File spoon-archives/list-proposals.archive/list-proposals_2000/list-proposals.0001, message 27


Date: Thu, 20 Jan 2000 21:34:09 +0100
From: Reg Lilly <rlilly-AT-skidmore.edu>
Subject: Re: Long, Long, Long, Post


Well, I'll try again, having accidently dispatched the last one prematurely. ..

"Nathaniel I. Cordova" wrote:
> 
> Dear All:
> 

>     I think it very apropos for a list/forum/BB on issues of subjectivity to
> deal with exactly those kinds of issues. We could have a list to do just
> that, or we could have a list that treats the issue of subjectivity broadly
> enough to encompass challenges to whatever complicity allows it to be in the
> first place, tackling directly those issues you mention. *My preference is
> for the latter.* [A bulletin board system would allow for a forum or more
> dedicated to those concerns, if those issues are seen as truly and vastly in
> opposition to a possible "business as usual" approach of academic treatment
> of subjectivity].
> 
	I think devising a system, format, regime of practices, etcetera, that would be able to be a 'big tent' while providing
some more 'intimate' or 'circumscribable' discursive spaces would be ideal.  I think large lists can be great, but what
I miss is the sort of thing that Shawn, Malgosia, Flannon and others have expressed a desire for, is some manner of
preventing discourse from sloshing around and the general and evanescent level of big-list discourse, and spawning some
for forcussed and intensive, more 'productive' activity.



> 
>     I apologize if I sounded dismissive or flippant. Let me be straight. We
> all are members of lists. We've all experienced the moment in which we see
> posts that are unrelated and just plain out of the focus, thematic area of
> the list. Unless we want a list to discuss the interconnectedness of
> everything, we do need to set boundaries. My example was no good, I saw that
> after I sent it and re-read it. This is what I meant to say:  I believe that
> exchanges on micro-practices that do not relate those practices/experiences
> to larger understandings, that do not stand in dialectical relationship to
> theory (whether pre-existent, or newly formulated) don't help as much for
> the efficacy or usefulness of the list. I don't say that members should not
> post such exchanges as "Yesterday I felt compelled to buy Palmolive liquid
> dishwashing detergent, the jingle in the commercial has been on my head all
> day long, and I felt as if I really needed this product if I want to keep a
> house well." Yes, all well and good, but what is the significance of those
> assertions in relation to the list/forum thematic? So my point was that I'd
> like to see a list that discusses substantively issues of subjectivity. That
> it creates connections and consequences of those practices, and theories,
> and accounts articulated.
> 

	No apology necessary -- I suspected there was more to your thinking on this score, but I wasn't very artful and getting
at it.

>
>     I don't see my response as a cop out.

	Ditto above.

> 
>     We could all go on, but let's not preclude the outcome of what the list
> might prove to be. 

	I admit the delicate balance to strike is between being myopically directed to predetermined results, and an openness
to the chance and accidental.  I think what I want to focus attention on is less the 'mechanics' of setting up a list,
which is really quite easy, and it's technical management, to what one might call the cognitive work that is more
difficult, more fun, and, I think, would mark the project as something more than 'nitch-listing.'

> 
> It
> might be that as I asked Malgosia, the Collective has a vision, stance, or
> goals in mind regarding effecting change they'd like to promote, and that
> further action on the part of the Collective on lists or anything else
> requires filtering through such a vision. If so, I'd like to hear it.
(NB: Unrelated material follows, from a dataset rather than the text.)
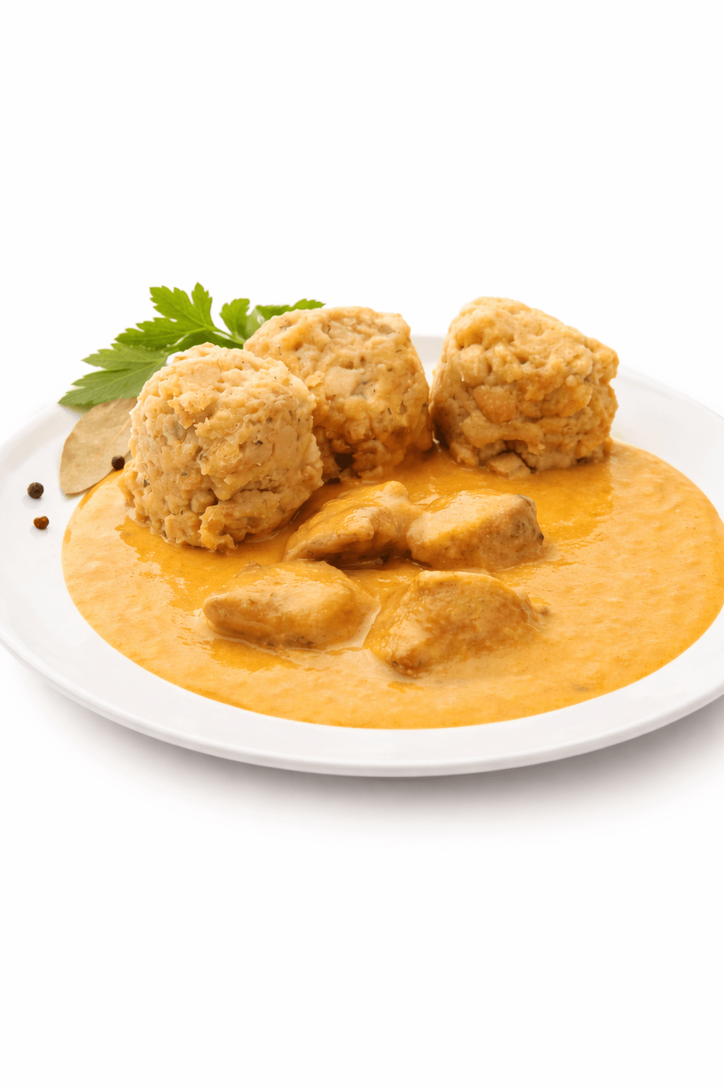 Žemlový knedlík 45 % (PŠENIČNÁ mouka, pitná voda, VEJCE, droždí, jedlá sůl kamenná, jodičnan draselný), vepřová plec 19 %, kořenová zelenina (mrkev, CELER, petržel) 9 %, smetana 7 %, cibule, cukr, olej, sůl (jedlá sůl kamenná, jodičnan draselný), voda, plnotučná HOŘČICE (voda, HOŘČIČNÉ semeno, ocet kvasný lihový, cukr, kurkuma), citrónová šťáva, látky zvýrazňující chuť a vůni (glutaman sodný, 5′-ribonukleotidy sodné), ocet kvasný vinný, dextróza, kvasničný extrakt, maltodextrin, palmový tuk, slunečnicový olej, směs koření, barviva (amoniak-sulfitový karamel, riboflavin).

	The vision thing is where the action is, or isn't.


> 
>     The same applies to the questions about what and whose knowledge is
> generated, propounded, and shared. etc. I think those questions can and must
> be addressed directly in the list/forum. We must be sure to ask them and
> engage them, and encourage discussion about those issues. They are after all
> integral to the issue of subjectivity.
> 
>     I don't want to leave anyone with the impression that I do not want to
> answer any questions or challenges face on. Perhaps I have misinterpreted
> what has been meant by "effecting" in this instance. 

	No, Nathaniel, you've been more than forthcoming, and I appreciate it.  What may seem like your being keel-hauled, is
more a case of questions and issues that are constantly simmering below the surface and waiting for someone, like you,
to come along and give us, or me, a chance to raise. them.